The Charles Mix County Board of Commissioners, sitting as a Board of Education on multiple dates in 1907, ordered a division of the Goose Lake school district into eleven independent school districts. The board directed that existing assets and outstanding indebtedness be divided pro rata among the new districts (a sample allocation formula and percentages are recorded in the minutes) and instructed officials to pay specified shares to each district.
Separately, on Feb. 25 the county board approved a petition to organize a separate civil township—named "Highland Civil Township"—from the territory in congressional Township 35, Range 64 (Fifth P.M.). The petition had been verified by affidavit as signed by a majority of legal voters in the proposed area. The board appointed H.G. Wilson, H.V. Dailey and W.D. Valentine as township supervisors.
Why it matters: Organizing a civil township and dividing school districts reshape local governance, tax distribution and school administration. Asset allocation and appointment of supervisors are administrative steps that enable local government services, elections and school oversight under the new boundary definitions.
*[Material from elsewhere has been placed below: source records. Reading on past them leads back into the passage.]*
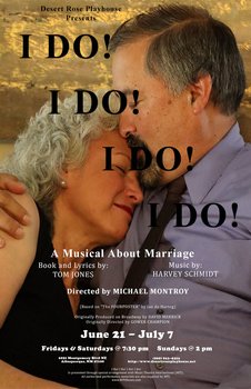 The musical, with books and lyrics by Tom Jones and music by Harvey Schmidt, tells the story of the marriage between Michael and Agnes, from the time of their wedding in 1895 until 1945. All of the action takes place in their bedroom with a fourposter bed (The story was taken from the play by Jan de Hartog, The Fourposter). It opened on Broadway with Robert Preston and Mary Martin, and Carol Burnett and Rock Hudson toured with a production in 1973. We see the ups and downs of the marriage, with songs to enhance the emotion. Most of the songs deliver on their purpose, but the beautiful, "My Cup Runneth Over" is just luscious. The song became a hit for Ed Ames in the 1960s and was covered by countless recording artists, including Aretha Franklin. While much of the story is sentimental (not really a criticism), there are a couple of rough patches in the marriage that dig into the more serious challenges of a long-term relationship. All and all, across the 50 years we see a robust affirmation of marriage. One interesting twist in the Desert Rose production is the casting. While Durden and Coffing play the couple at a young age, the older versions are played by Coffing's parents, Mark and Carol Coffing. Another Coffing daughter, Natasha, is half of the musical duo providing accompaniment, playing violin with Ben Jacobson on piano. It's an impressive family affair. Durden and Evelyn Coffing were paired up in Desert Rose's last production, I Love You, You're Perfect, Now Change, where they were delightful in both song and acting. Here, they're every bit as strong, even though the material isn't as bright and effervescent. Coffing is exquisitely adorable, offering a tremendously expressive voice, and Durden just keeps growing in his acting and singing. The first act, which is almost entirely Durden and Coffing, is just delicious. In addition to the power these two actors bring individually, they also ignite a bright chemistry together. The second act features the couple 50 years later. While Mark and Carol Coffing give it their all, they just don't rise to the energy and pizazz of the earlier scenes. Perhaps this is partly due to a weaker story and song in the second act. At any rate, much of the air goes out of the musical at that point. The energy picks back up when Durden and Coffing return toward the close. The live musical accompaniment is wonderful. This is the third time I've seen Jacobson at the keyboards, and the second time I've seen Coffing. Jacobson has grown considerably since I first saw him in Beehive! The 60s Musical, which was his first go-round with a musical. Coffing displays a lovely musical touch. It's not surprising to learn she tours this country and Ireland as part of the musical duo, the Singing Pilgrims. Director Montroy has consistently delivered strong productions at the Desert Rose. This one has a lagging second act, but the first act is pure pleasure. The support crew includes Karen Byers offering choreography, props, costumes, and set dressing. Set design is by Shiela Freed, music design is by Montroy, and lighting design is by Evelyn Coffing. I Do! I Do! I Do! I Do!, through July 7, 2019, at the Desert Rose Playhouse, 6921 Montgomery Avenue NE, Albuquerque NM. Performances are on Fridays and Saturdays at 7:30 pm and Sundays at 2:00. Tickets are $25 for general admission and $20 for students, seniors, and ATC members. For reservations, visit desertroseplayhouse.net |
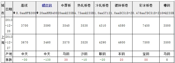 上海鋼市12月20-27日“一周評(píng)述”
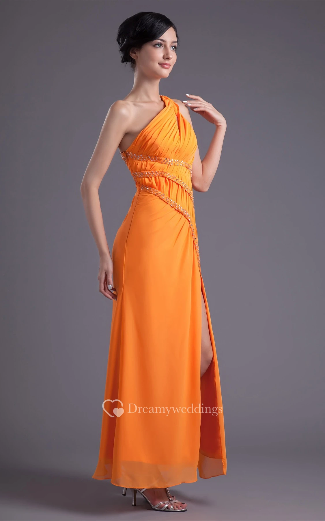 One-Shoulder Front-Split Chiffon Dress With Jewels
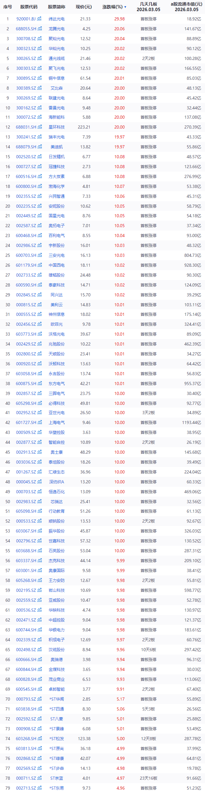 盘面上,光学光电子、MicroLED概念股集体大涨,雷曼光电、瑞丰光电、联建光电等20余股涨停,机构称MicroLEDCPO有望凭节能优势成为光互连替代方案。受益于AI浪潮,电网设备维持近期涨势,汉缆股份、通光线缆等股收获2连板。受重要会议催化影响,量子科技、教育、脑机接口等板块盘中均有拉升。另一方面,伊朗军方高官称未封锁霍尔木兹海峡,石油天然气、粮食、港口航运板块多数回调,康农种业、贝肯能源跌幅居前。
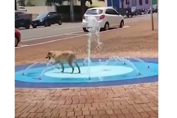 De acordo com Estela, ela estava parada em um semáforo na rua Prof. Erasto Gaertner, nas proximidades da praça da Prefeitura, onde o chafariz está localizado, quando percebeu a movimentação e resolveu filmar o cachorrinho. “Quando eu olho para o lado direito, ele estava lá, todo brincando. Eu achei o máximo”, conta.
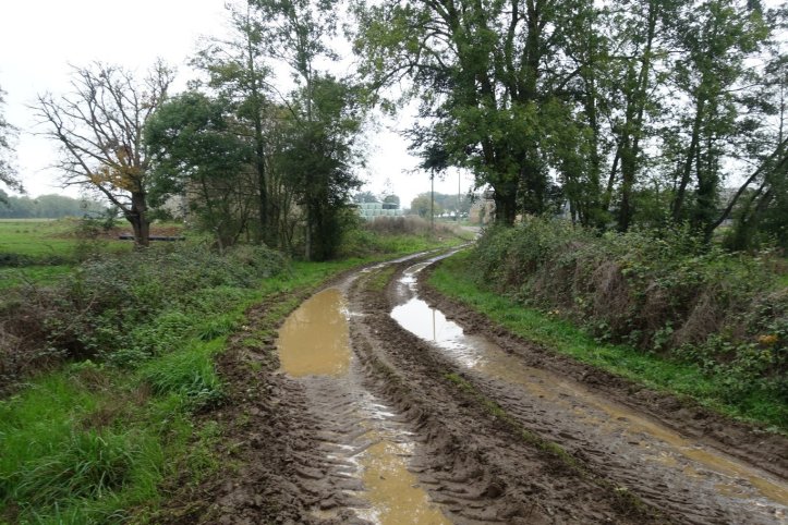 Am Morgen kann ich kaum die kleinen Augen öffnen und komme sehr schlecht aus dem Bett. Um 09:00 Uhr verlasse ich endlich die kleine Ein- Zimmer-Wohnung. In ordentlichem Schritt mache ich mich in der Kälte auf den Weg. Es ist frisch, aber ich fühle mich fit. Die Feldwege sind zum Teil äußerst matschig. Meine Schuhe weichen durch das Gras schnell durch.
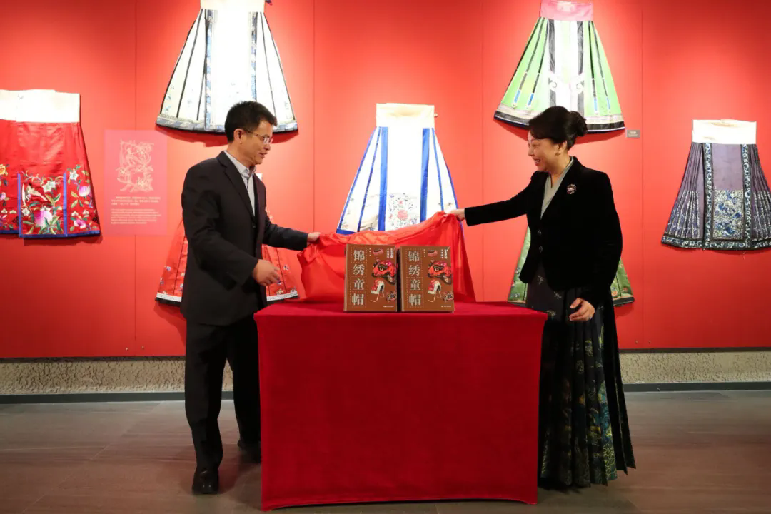 2025年3月12日上午,北京電影學院主辦、山東省服裝設計協會支持的“衣脈千年數智煥新——中國傳統服飾與數智演繹展”開幕,當代世界出版社傾力打造的《錦繡童帽:傳世虎頭帽文化圖鑒》以“圖書展示+文物站臺+AI賦能”的新形式,在開幕式上對外發布。

The board also deferred some school-division matters where elections or returns did not conform to law; in those instances the board postponed action until authorized hearings or corrected returns were available. The Goose Lake division includes explicit percentages for distributing cash and property; the minutes direct that one-third of certain assets be paid from specified districts to another as part of the apportionment.
What’s next: The minutes record the distributions and appointments; local school boards and the appointed township supervisors will administer the new districts and the Highland township. Further meetings were scheduled to resolve deferred election-return irregularities and to implement the division and related financial transfers.